AI predicts lung cancer survival from CT scan data

2018 12 18 23 50 2740 Lung Lab 400

Harvard researchers have developed an artificial intelligence (AI) algorithm capable of analyzing routine CT scans to predict how well lung cancer patients will respond to treatment, as well as their likelihood of survival, according to an article published online April 22 in Clinical Cancer Research.

The group, led by Hugo Aerts, PhD, sought to improve upon the existing methods for predicting a cancer patient's response to therapy by turning to AI modeling. Aerts is the director of the Computational and Bioinformatics Laboratory at Harvard's Dana-Farber Cancer Institute and Brigham and Women's Hospital.

Hugo Aerts, PhD, of Harvard Medical School.Hugo Aerts, PhD, of Harvard Medical School.

Aerts and colleagues developed a deep-learning model based on ImageNet, a convolutional neural network created at Princeton University and Stanford University that can identify objects from the most relevant features of images. To train their deep-learning model, the investigators applied it to the CT scans of 179 patients with stage III non-small cell lung cancer (NSCLC) who had previously received chemoradiation therapy.

The CT data consisted of up to four scans per patient, including those obtained before treatment and at one, three, and six months after treatment.
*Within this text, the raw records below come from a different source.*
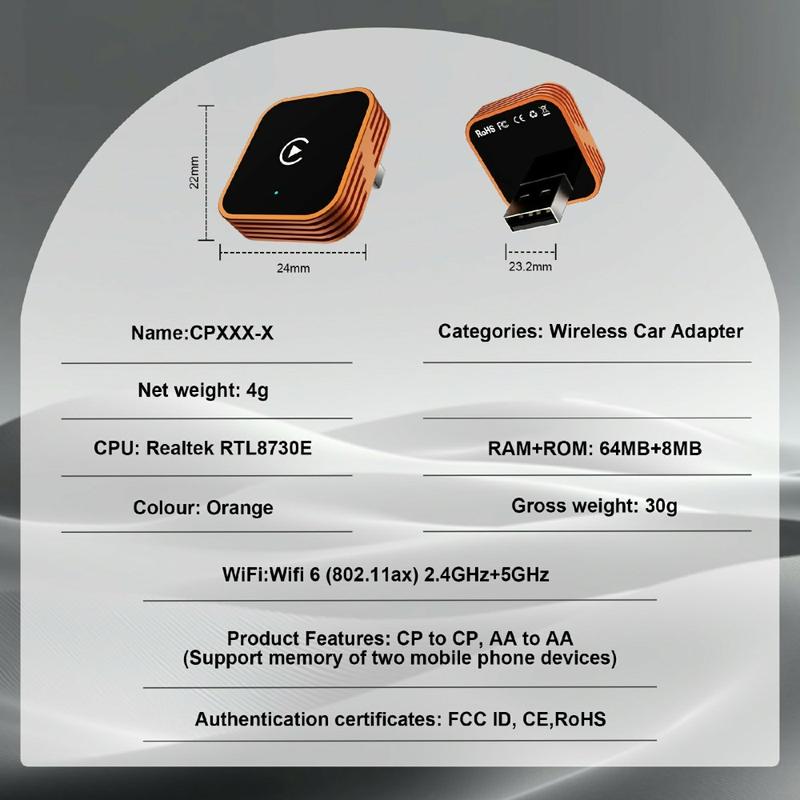 Conçu pour être compatible avec les appareils iPhone et Android, le CP030-3 prend en charge CarPlay et Android Auto sans fil pour une utilisation quotidienne plus fluide sur la route. Son design compact permet de le laisser facilement branché dans la voiture ou de le déplacer d'un véhicule à l'autre si nécessaire, tandis que sa construction légère en alliage d'aluminium et en acrylique durable garantit une utilisation fiable dans des conditions variables à bord. Grâce à la prise en charge du Bluetooth 5.3 et de la transmission sans fil, il est conçu pour maintenir une communication stable entre votre téléphone et le système de votre voiture.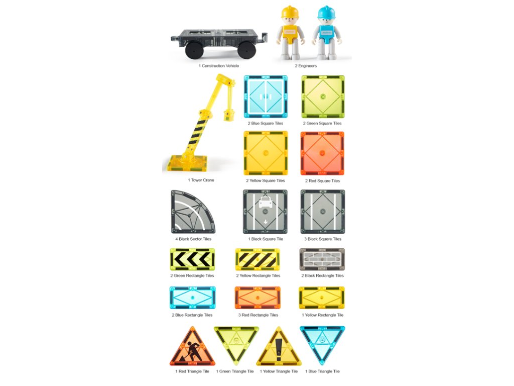36 ks dílků stavebnice - 4 x trojúhelník rovnostranný, 4 x zatáčka 90°, 12 x čtverec, 12 x obdélník, 1 x podvozek s kolečky, 2 x panáček, 1 x otočné rameno jeřábu, návod a sáček na ukládání stavebnice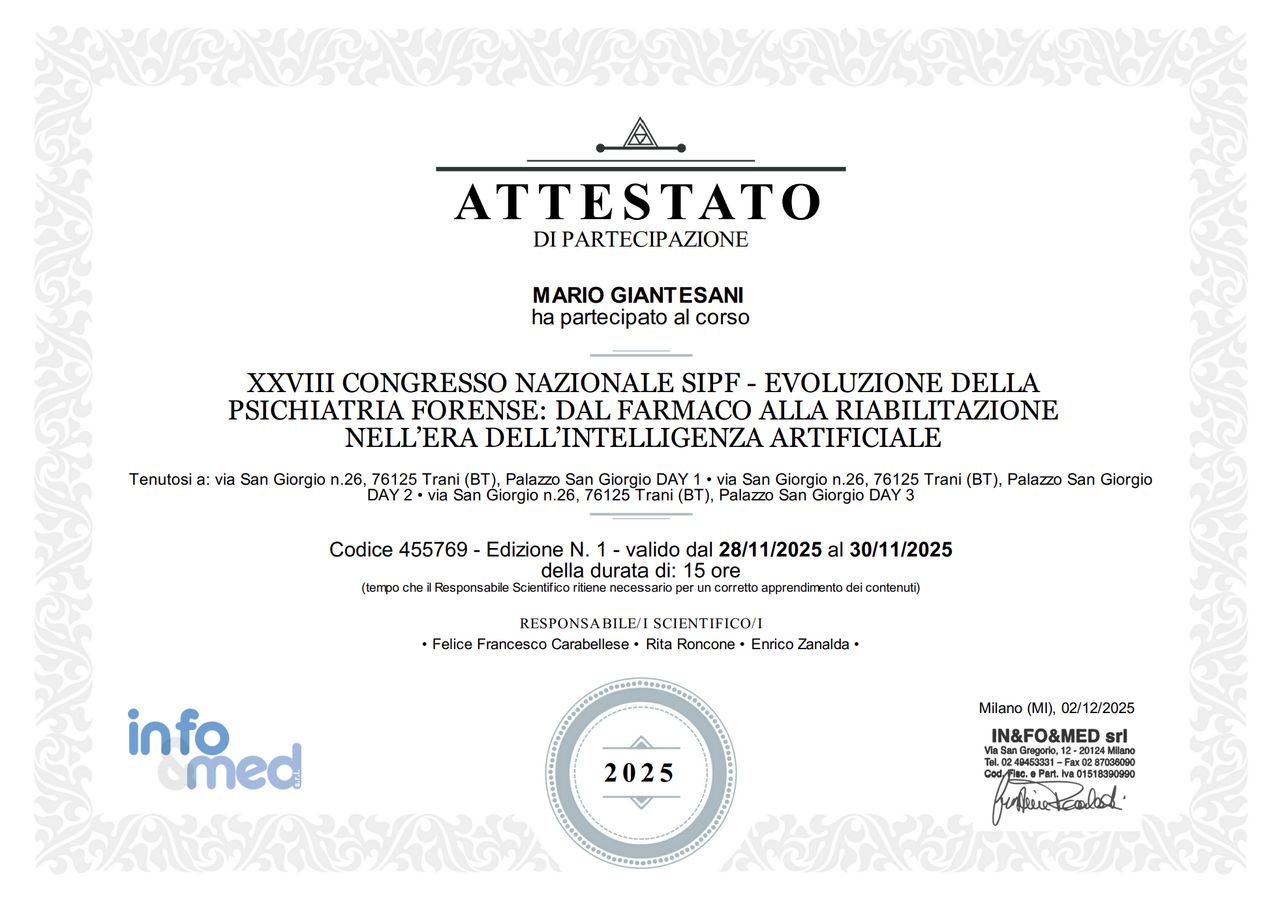Sono uno Psicologo con formazione specialistica in ambito clinico e forense, con un percorso accademico e professionale orientato alla valutazione psicologica ad alta complessità.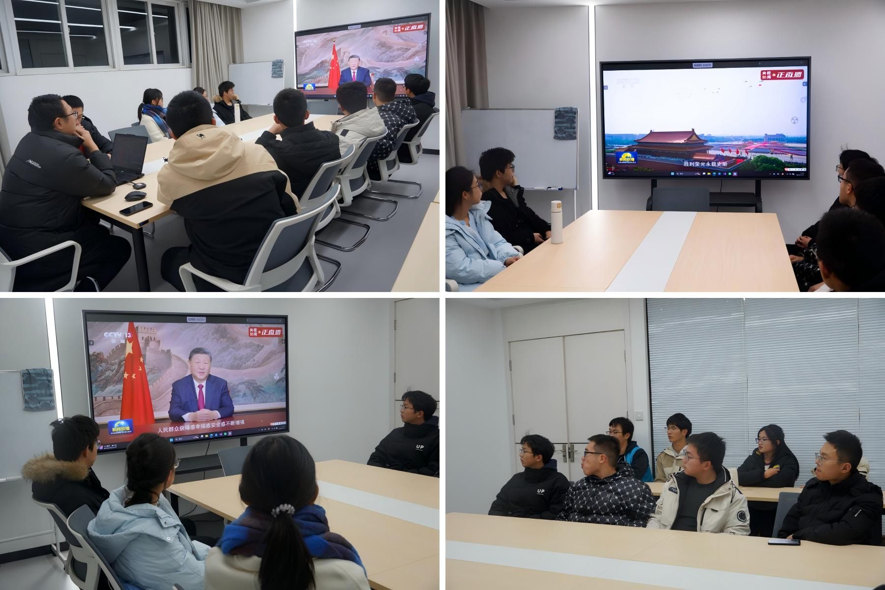 贺词回顾了极不寻常的五年历程,细数经济总量突破140万亿元、科技创新多点突破等辉煌成就,字里行间饱含人民至上的深厚情怀,更吹响了奋进新征程的铿锵号角。观看过程中,师生们专注聆听、认真记录,被贺词中的温暖与力量深深触动。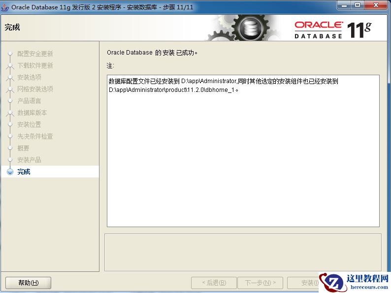 3.8 等待进度完成会弹出完成的对话框,就代表我们的oracle软件安装完成

The researchers subsequently validated the AI model on a dataset of 178 CT scans from 89 NSCLC patients who had undergone chemoradiation and surgery.

"Radiology [CT] scans are captured routinely from lung cancer patients during follow-up examinations and are already digitized data forms, making them ideal for artificial intelligence applications," Aerts said in a statement to the American Association for Cancer Research (AACR). "Deep-learning models that quantitatively track changes in lesions over time may help clinicians tailor treatment plans for individual patients and help stratify patients into different risk groups for clinical trials."

Overall, the AI model was able to predict the patients' two-year survival with an area under the curve (AUC) of 0.58 by analyzing the pretreatment CT scans and an AUC of 0.74 by analyzing a combination of pretreatment and post-treatment CT scans. The AI model also determined that the patients it categorized as having a low mortality risk were six times more likely to survive than the high-risk patients.

Furthermore, the deep-learning model was more efficient at predicting distant metastasis, cancer progression, and local regional recurrence than a standard set of clinical parameters such as cancer stage and tumor size, Aerts noted.

"Our research demonstrates that deep-learning models integrating routine [CT] scans obtained at multiple time points can improve predictions of survival and cancer-specific outcomes for lung cancer," he said. "By comparison, a standard clinical model relying on stage, gender, age, tumor grade, performance, smoking status, and tumor size could not reliably predict two-year survival or treatment response."

The promising outcome of this proof-of-principle research warrants evaluation of the AI model in prospective clinical trials involving more data, he concluded.